Global warming is worsening the global wealth gap, study finds
- Andrew Freedman, author of Axios Generate
Global warming has already created winners and losers across the world, with poorer, tropical nations suffering the most even though they contributed far less to the problem in the first place, a new study finds.


Why it matters: This is the first study to find that global warming to date has already affected the gap between rich and poor nations. It suggests that countries like Norway have benefited from warming air temperatures and other associated impacts, while nations like India, Brazil and Nigeria have seen far slower growth in per capita GDP as a result of warming.
The big picture: The study, published Monday in Proceedings of the National Academy of Sciences, finds that from 1961 to 2010, global warming decreased the per capita wealth in the world's poorest countries by about 17% to 30%.
- Meanwhile, the gap between the group of nations with the highest and lowest per capita GDP is now about 25% wider than it would have been without climate change, the study found.

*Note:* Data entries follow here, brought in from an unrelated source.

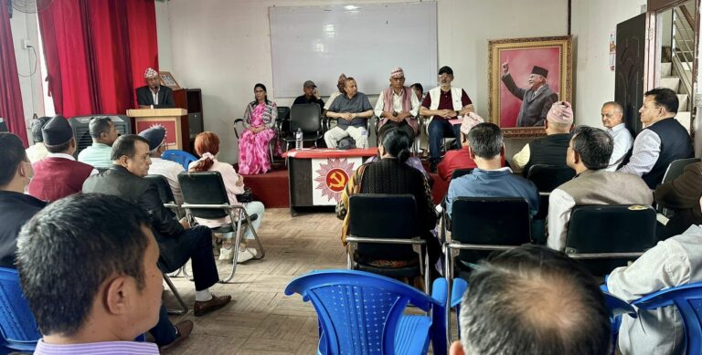 बैठकमा महासचिव शंकर पोखरेललगायतका नेताहरू सहभागी हुनुहुन्छ।
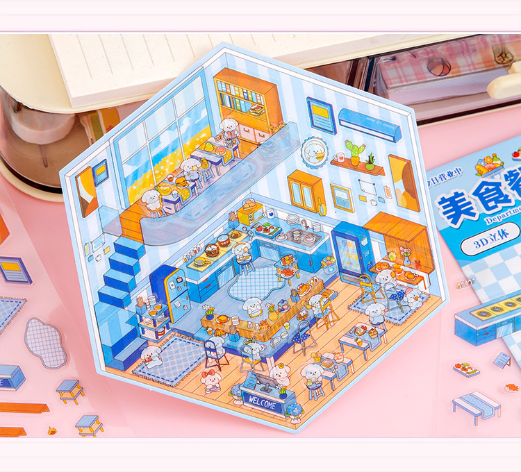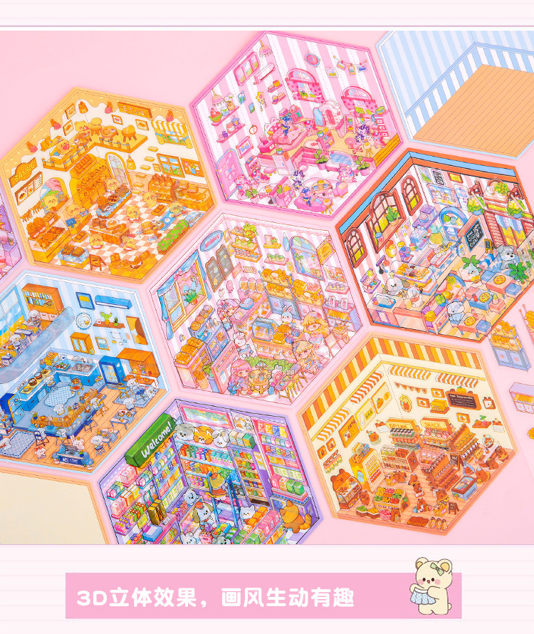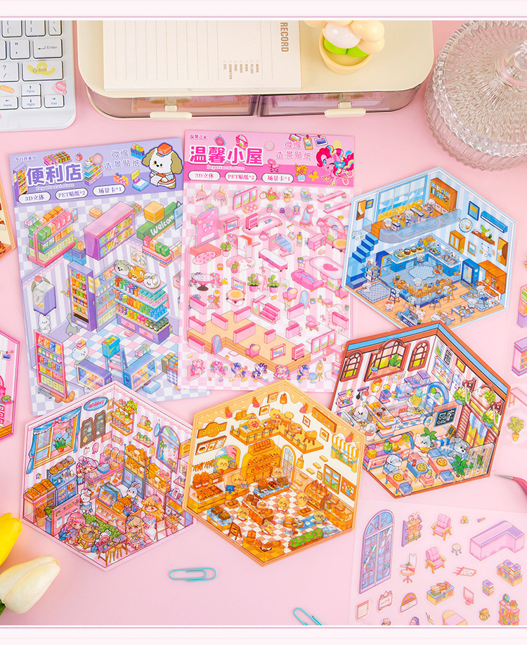 만화 미니어처 장면 컬렉션이 조경 스티커 3 차원 오두막 소녀 어린이 장난감 DIY 손 계정 스티커스토어 가기
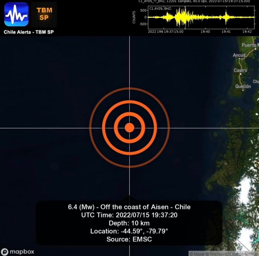 Minutes ago, a 6.4-magnitude earthquake struck off the Coast of Aisen, Chile at a shallow depth of 10km.
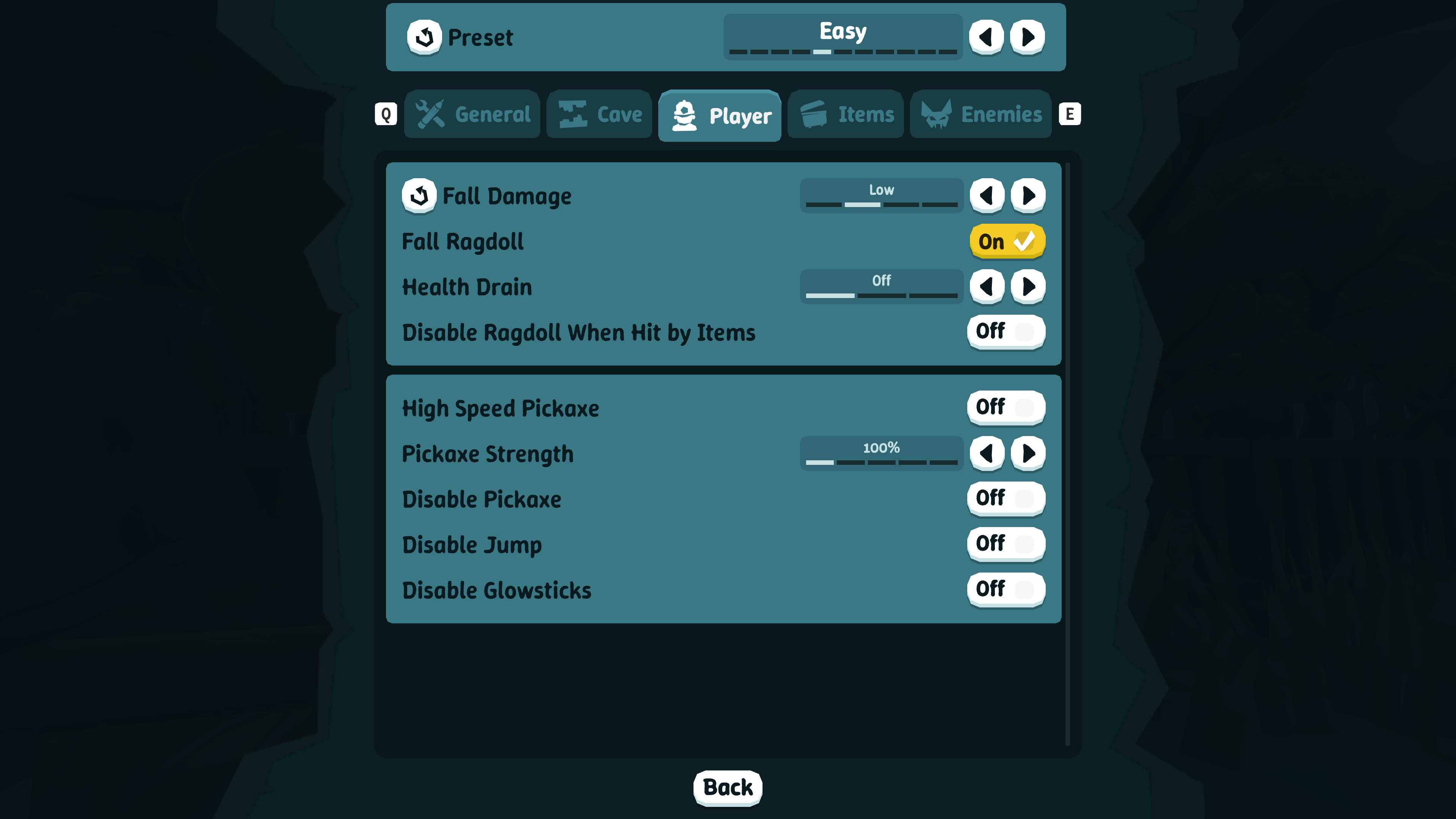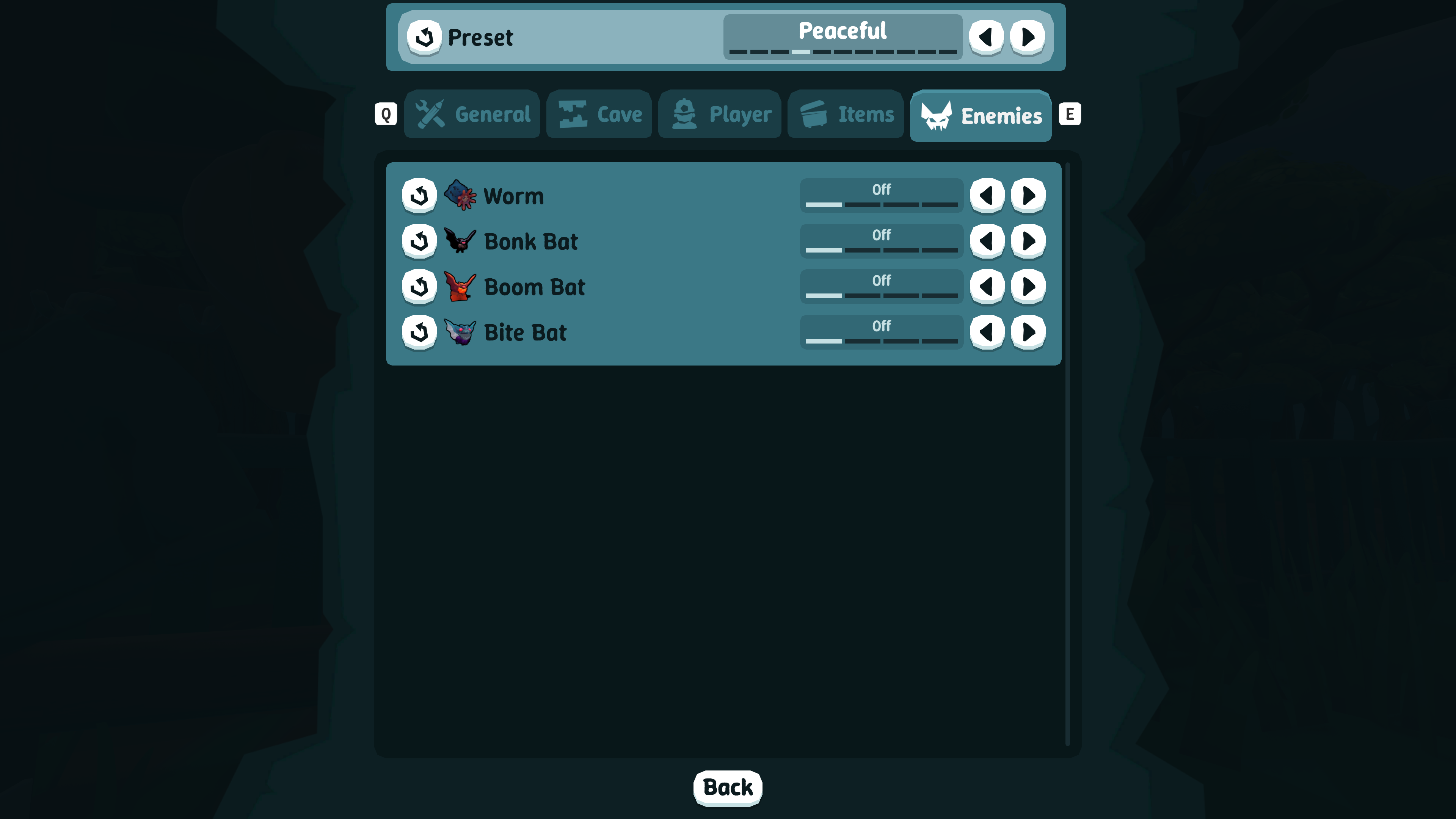 Peaceful - disable all enemies (does not disable players lol)

- While economic inequality between countries has narrowed in recent decades, the new study shows this should've happened at a more rapid rate, and it suggests that future narrowing of this gap may be harder to achieve due to climate change.

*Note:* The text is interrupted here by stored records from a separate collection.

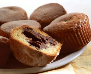 V 0,5 dl hladnega mleka razmešamo čokoladni puding in ga zakuhamo v 3 dl vrelega mleka s 40 g sladkorja, dobro prekuhamo, mu dodamo polovico temne čokolade in ga počasi ohlajamo. Moko in pecilni prašek zmešamo. Posebej v posodi razžvrkljamo jajce, mleko, stopljeno maslo, navadni in vaniljev sladkor ter to primešamo moki in dobro zmešamo. Polovico testa porazdelimo v posodice za mafine, vsakemu na sredino položimo eno žličko pudinga in ga prekrijemo s preostankom testa.
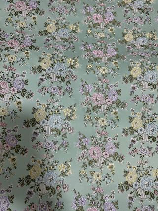 Tela con estampado floral en tonos pastel sobre fondo verde, ideal para confeccionar cuerpos de fallera o chalecos. - Diseño floral - Base en color verde menta. - Motivos florales en rosa, azul, lila y amarillo.
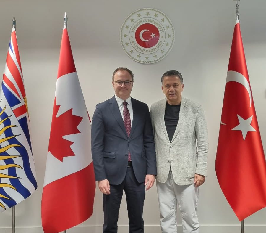150 bine yakın Türk vatandaşının ikamet ettiği Kanada'yı ziyaret eden Küresel Gazeteciler Konseyi Genel Başkanı Mehmet Ali Dim, Türkiye'nin Vancouver Başkonsolosu Emrah Kurt ve Toronto Başkonsolosu Can Yoldaş'ı makamında ziyaret etti.
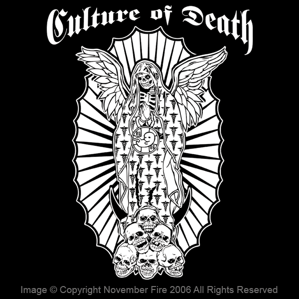 a term used in contemporary political discourse in the United States to describe certain positions that contrast with a Culture of Life. a term used in Colonial Europe to describe "barbaric" cultures which allegedly glorified or worshiped death. This was then used as a justification for the subjugation and colonization of these cultures. -Wikipedia Code:NFT088 |
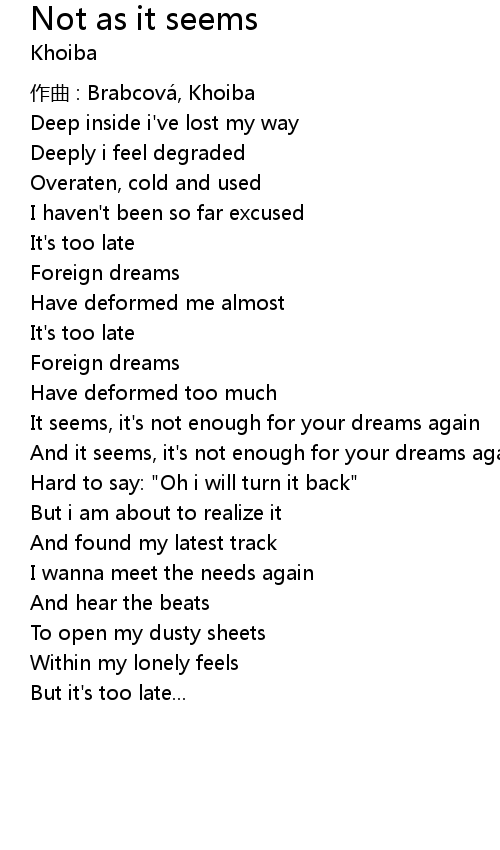 | Song | Not as it seems |
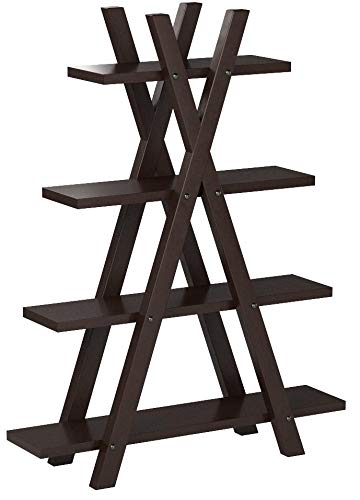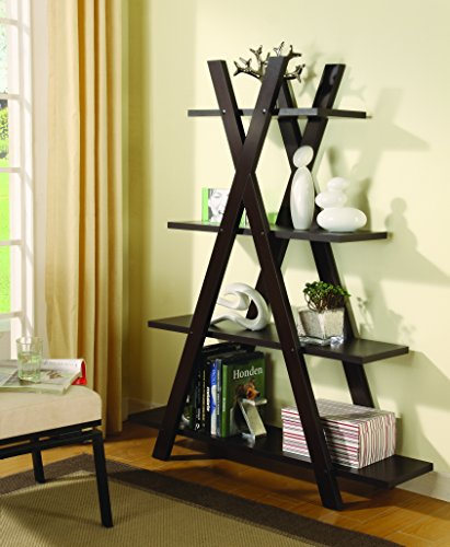 Whimsical styling creates an eye-catching look. Designed to appeal, this bookcase plays with angles and shapes to yield a practical and pretty staple for contemporary rooms. Cross-style bars join together four shelves of varying lengths that accommodate books, decor, and potted greenery. A dramatic cappuccino finish offers a bold touch and plenty of design versatility. Make this bookcase a focal point in a charming modern room.Set includes: One (1) bookcase

Details: The study by two Stanford University professors, Noah Diffenbaugh and Marshall Burke, uses previous research that analyzed the relationship between temperature and GDP and found that economic output declines once average temperatures become too hot.
- This is due to declines in agricultural productivity and labor productivity, among other factors.
For the new study, Diffenbaugh and Burke used the previous estimates and data in more than a dozen climate models to determine how each country has warmed as a result of climate change.
The metric they were interested in was how much each nation's economy would have grown without human-caused global warming.
What they found:
- It's clear that global warming has harmed economic growth in tropical countries in particular.
- It's less evident from the new research whether warming has aided economic growth in cooler regions in the middle latitudes, such as the U.S., China, the European Union and Canada.
"We have very high confidence that a large subset of countries in the low latitudes where it is warm have been negatively impacted by historical global warming, so they have lower per capita GDP today than they would have had global warming not occurred," Diffenbaugh tells Axios.
“We’re not arguing that global warming created inequality. We’re not arguing that it’s caused a rise in inequality. What we find is that it has slowed the decline in global inequality," he says.
The study finds, for example:
- In India, climate change caused 31% lower per capita GDP growth relative to a scenario without human-caused warming.
- In Brazil, the impact was minus 25% per capita GDP.
- In Nigeria, it was minus 29% per capita GDP.
- Yet Canada showed a positive 32% increase in per capita GDP due to global warming.
The other side: The study is not without its critics. Solomon Hsiang, a public policy researcher at UC Berkeley and Stanford, who studies the economic impacts of climate change and has collaborated with Diffenbaugh and Burke in the past, was critical of the new paper.
He told Axios that its conclusions are stronger than merited by the evidence.
- "I think the study’s statement that warming should have already harmed economic opportunities in poor countries is extremely important and almost definitely correct," Hsiang told Axios via email.
- "But the conclusion that rich countries should have benefited from warming is far less clear with limited support in this study... When one considers the possibility that warming in the current year might affect growth in future years, then the method employed by the study would suggest that most or all rich countries probably have also lost income."